While party president Tim Farron had called in my interview with him for the party to back the higher rate both to raise additional revenue and to demonstrate that "we are all in it together", Clegg said this morning: "To drive home the message of tax reform I think changing one very specific symbolic tax rate is not really the key part of the matter." The key intervention in the debate came from Vince Cable, who reminded delegates that the party's previous policy was to support a 40p rate alongside a mansion tax and argued that excessively high taxes on income could have negative economic effects.

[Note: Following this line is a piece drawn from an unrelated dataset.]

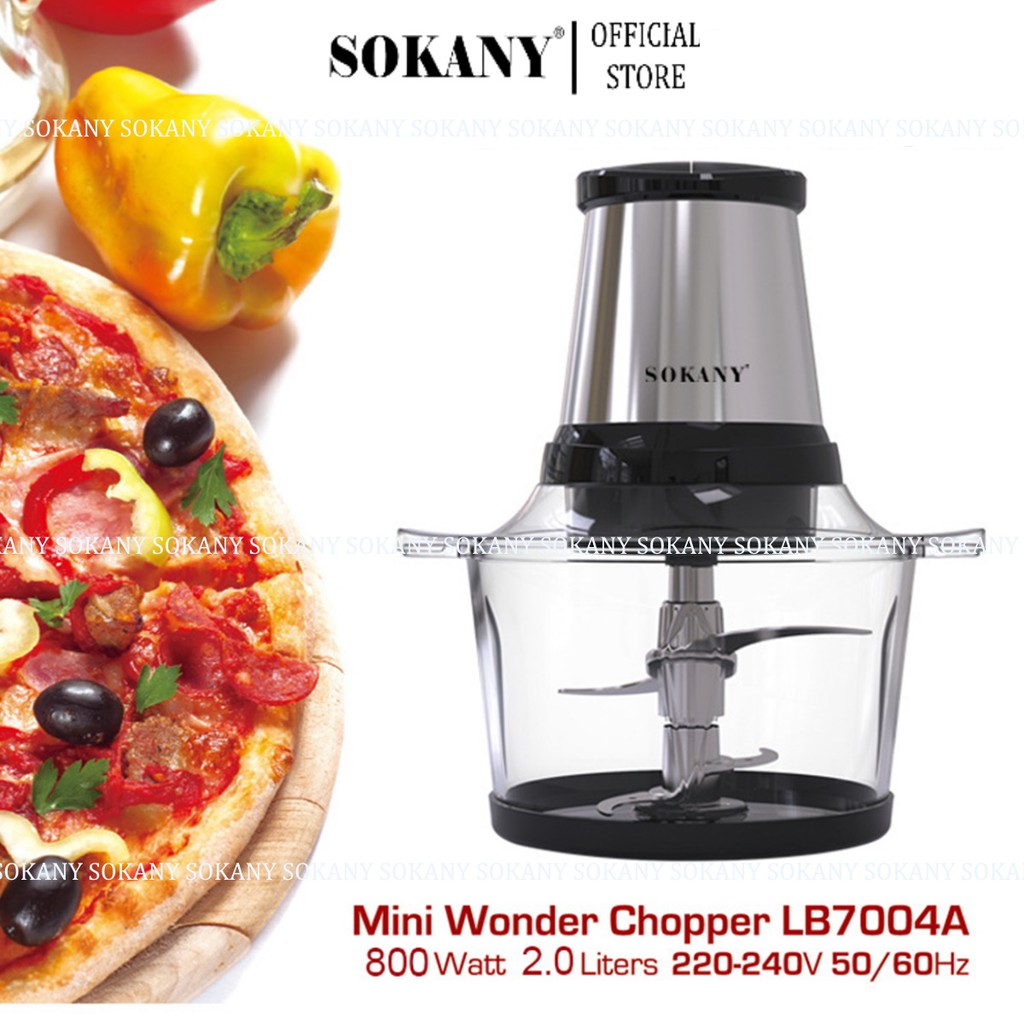 MÁY XAY THỊT ĐA NĂNG SOKANY cao cấp chính hãng bảo hành 12 thángMáy xay thịt, máy xay đa năng sokany 2.0L với thiết kế hiện đại, sang trọng với toàn bộ thân máy được bọc nhôm xước cao cấp. Máy có công suất lên đến 800W kết hợp lưỡi dao kép ionx 304 giúp xay nhuyễn mọi thứ một cách nhanh chóng. cối máy được làm bằng thủy tinh cường lực giúp tằng độ thẩm mỹ và độ bền đáng kinh ngạc. máy xay đa năng sokany hoạt động bền bỉ với động cơ 100% lõi đồng nguyên chất, thiết kế relay nhiệt tự động ngắt máy khi quá tải. Thể tích cối xay lên đến 2.0L phù hợp với nhu cầu sử dụng của gia đình.

Had the party voted to back the 50p rate it would have been an unambiguous assertion of its centre-left character, but the result will be seen as an acceptance of the more economically liberal path pursued by Clegg. (Although it is worth remembering that the party previously voted to abandon support for the 50p rate under Ming Campbell's leadership in 2006.) But the narrowness of the victory shows how divided the Lib Dems remain about their ideological direction. While Orange Bookers such as David Laws and Jeremy Browne would probably like to see the top rate reduced to 40p, Farron and the party's left have demonstrated the support that exists for a more social democratic approach.

Should the Lib Dems be presented with a choice of coalition partner after the next election, with both Labour and the Tories winning enough seats to form majority governments with their support, it is these two groups that will be pitted against each other in a battle for the party's soul.

Liberal Democrat president Tim Farron, who called for the party to support the reintroduction of the 50p tax rate. Photograph: Getty Images.

George Eaton is political editor of the New Statesman.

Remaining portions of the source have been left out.